* What is required *
Look through the records that follow. Copy every line containing the word "with".
++++ Records for the exercise ++++
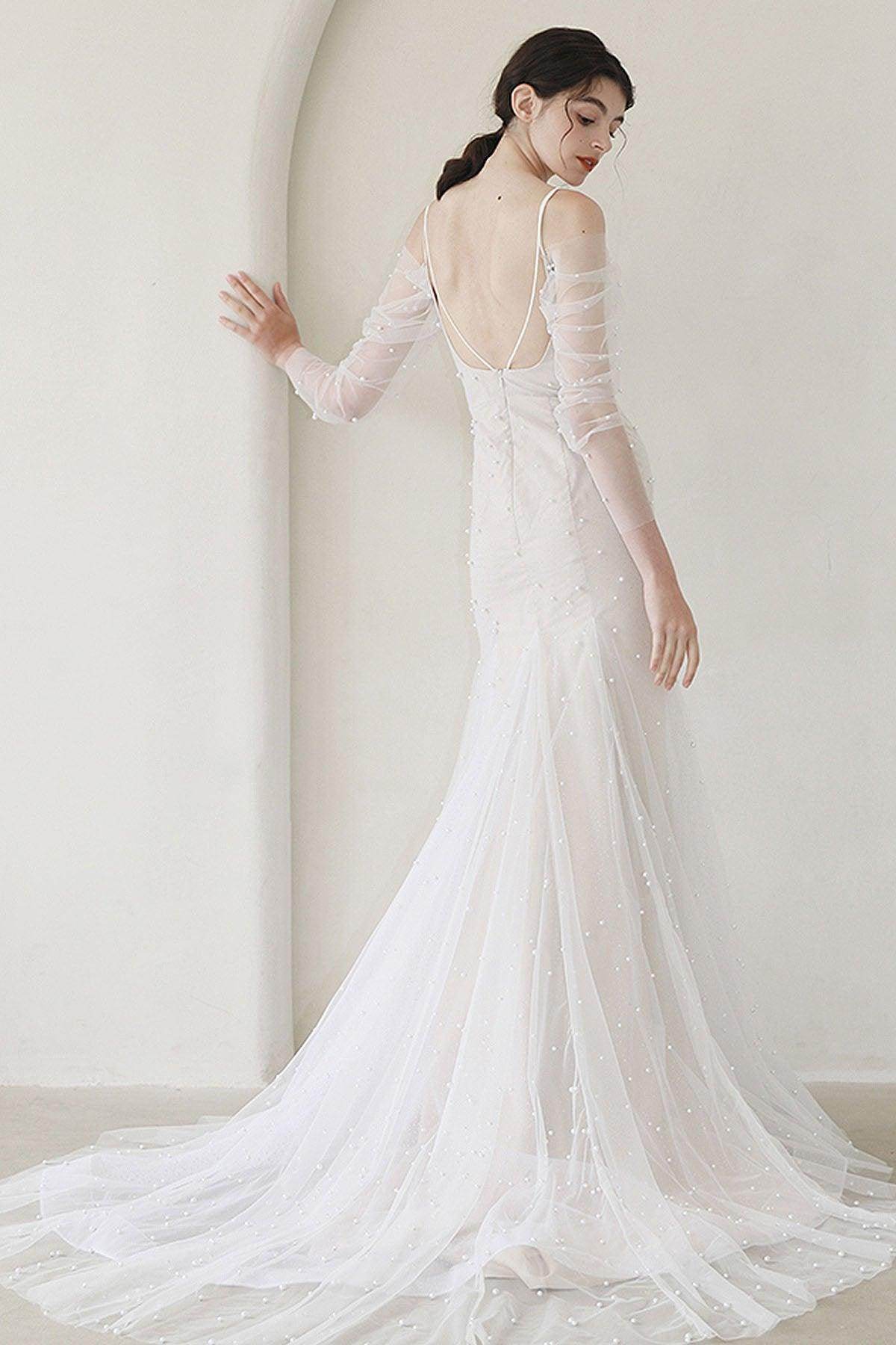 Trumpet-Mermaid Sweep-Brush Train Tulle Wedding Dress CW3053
++++
++++ Records for the exercise ++++
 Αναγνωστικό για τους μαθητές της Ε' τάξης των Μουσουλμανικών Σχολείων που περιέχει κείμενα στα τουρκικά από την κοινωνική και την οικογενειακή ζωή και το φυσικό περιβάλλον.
++++
++++ Records for the exercise ++++
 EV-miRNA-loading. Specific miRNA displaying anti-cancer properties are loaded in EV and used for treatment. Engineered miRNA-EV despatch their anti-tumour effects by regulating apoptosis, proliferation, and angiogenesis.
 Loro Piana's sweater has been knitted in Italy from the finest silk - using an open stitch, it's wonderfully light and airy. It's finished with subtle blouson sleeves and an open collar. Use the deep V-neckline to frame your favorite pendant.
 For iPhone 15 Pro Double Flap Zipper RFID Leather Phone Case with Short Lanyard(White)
++++
* Answer area *
 Loro Piana's sweater has been knitted in Italy from the finest silk - using an open stitch, it's wonderfully light and airy. It's finished with subtle blouson sleeves and an open collar. Use the deep V-neckline to frame your favorite pendant.
 For iPhone 15 Pro Double Flap Zipper RFID Leather Phone Case with Short Lanyard(White)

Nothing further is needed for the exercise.